[Collected material]
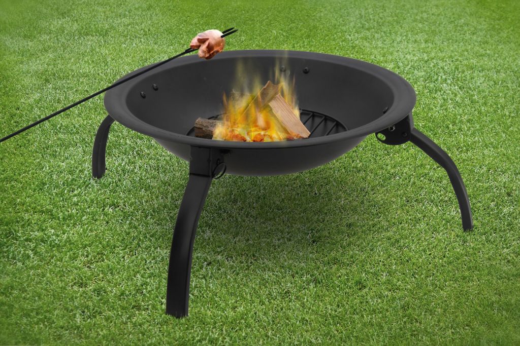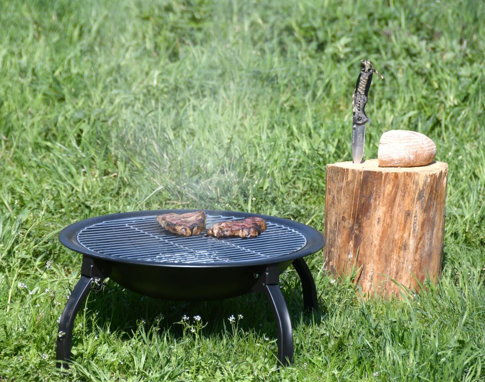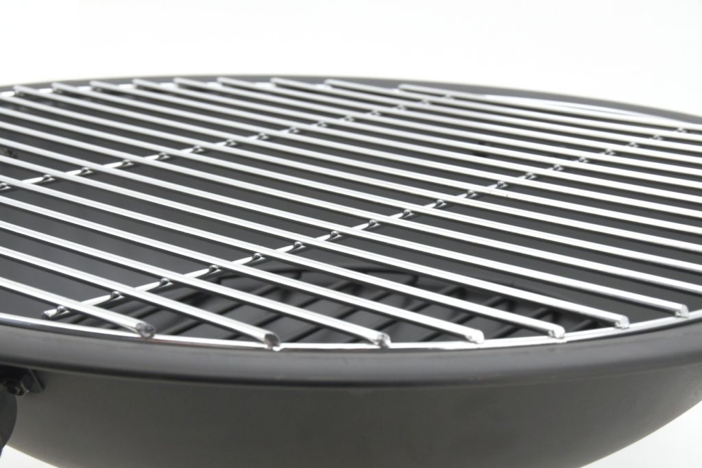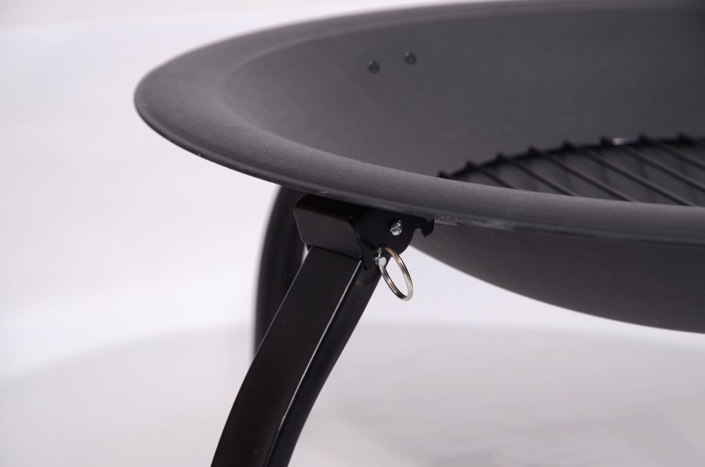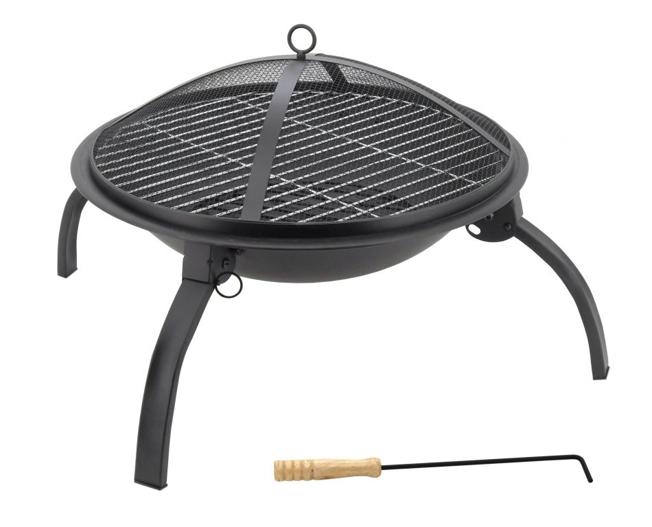 Konstrukce ohniště je vyrobena z kvalitní oceli s vysokoteplotním černým nátěrem. Na popel je ohniště opatřeno ocelovou mřížkou se smaltovanou povrchovou úpravou. Speciálně tvarovaný poklop s pletivem poslouží jako ochrana před jiskrami, což výrazně zvyšuje bezpečnost a pohodlí. Přiložen je i kovový pohrabáč s dřevěnou rukojetí, který lze použít jak k urovnání ohně, tak i k snadnému sundání poklopu. Ohniště je navíc vybaveno roštem a čtyřmi skládacími nohami pro lepší skladnost.
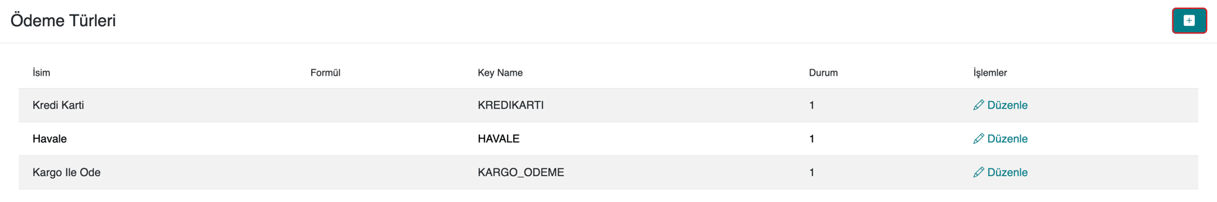 serB2B sisteminizin yönetici panelinden Ayarlar > Ödeme Türleri bölümüne gidin ve tanımlı ödeme türlerini listeleyin.
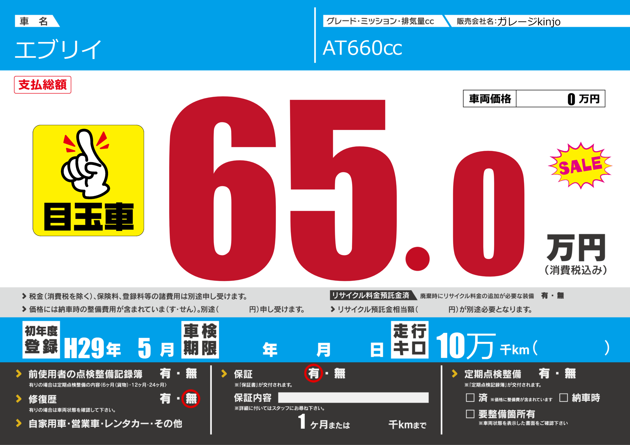保証付き 保証内容(---) 1ヶ月または()千kmまで |
[/Collected material]
● **What is being asked**:
Take the line with "serB2B sisteminizin yönetici" and every line after it through the end of the data, and write only them out exactly, leaving out the pictures.

● **Answer area**:
 serB2B sisteminizin yönetici panelinden Ayarlar > Ödeme Türleri bölümüne gidin ve tanımlı ödeme türlerini listeleyin.
保証付き 保証内容(---) 1ヶ月または()千kmまで |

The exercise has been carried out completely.